Fresh off a giant funding round that valued OpenAI at $157 billion, the ChatGPT maker has secured even more financial backing through a credit facility with a trove of financial institutions, many of which are also its clients. The Sam Altman-led company announced yesterday (Oct. 3) that it has set up a $4 billion credit line from the likes of JPMorgan Chase (JPM), Citi, Goldman Sachs (GS), Morgan Stanley (MS), Santander, Wells Fargo (WFC), SMBC, UBS and HSBC.
“We are proud to have the strongest banks and investors in the world supporting us,” said Sarah Friar, OpenAI’s chief financial officer, in a statement. “This credit facility further strengthens our balance sheet and provides flexibility to seize future growth opportunities.”
The arrangement of the credit line also includes the ability to increase it by $2 billion, according to CNBC. Combined with OpenAI’s recent $6.6 billion in funding, OpenAI now has access to more than $10 billion in liquidity and “the flexibility to invest in new initiatives and operate with full agility as we scale,” said OpenAI in a press release.
OpenAI is now flush with cash, but it’s also burning money at an alarming rate. Despite skyrocketing revenue (annual revenue is expected to triple from this year’s $3.7 billion to $11.6 billion next year), the company is on track to lose $5 billion this year. The most significant costs come from its use of Microsoft (MSFT)’s cloud computing platform to run its products.
Banks are embracing generative A.I.
OpenAI’s arrangement with nine major financial institutions also signifies growing ties between banks and generative A.I. Despite the fact that 30 percent of banks around the globe banned the use of A.I. internally as of March, financial institutions have gradually begun to embrace the new technology. Goldman Sachs, for example, which banned the use of ChatGPT last year, has since begun experimenting with A.I. tools that can aid developers and help summarize and draft documents.

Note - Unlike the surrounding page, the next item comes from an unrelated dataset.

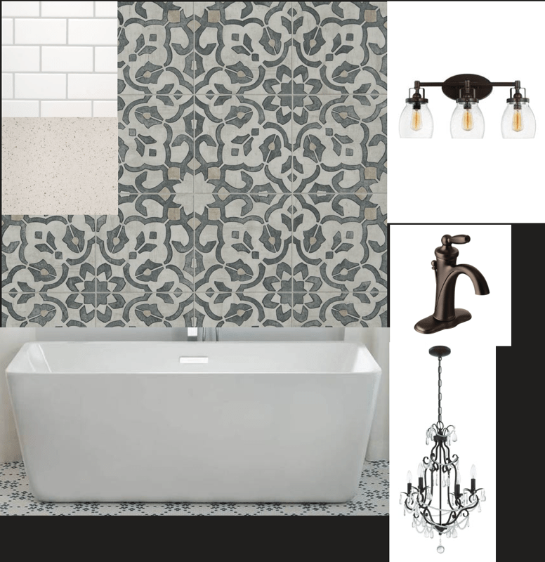 Iron Filigree vinyl flooring, that gorgeous tub, everything else same as other bathrooms. Considering a nice chandelier above the tub, but I’m not sure it goes with the vanity lighting so I dunno.

Some of the banks involved in OpenAI’s credit line are clients of the ChatGPT-maker itself. The credit facility “reaffirms our partnership with an exceptional group of financial institutions, many of whom are also OpenAI customers,” said the A.I. company. Santander has previously revealed that it is testing out uses of ChatGPT, while Morgan Stanley in June rolled out a new A.I. assistant powered by OpenAI’s GPT-4 model to help nearly 16,000 financial advisors take notes in client meetings and draft emails. JPMorgan Chase, too, has used OpenAI’s products, having introduced an A.I. assistant in August with the help of an OpenAI model in a bid to enhance the productivity of more than 60,000 employee.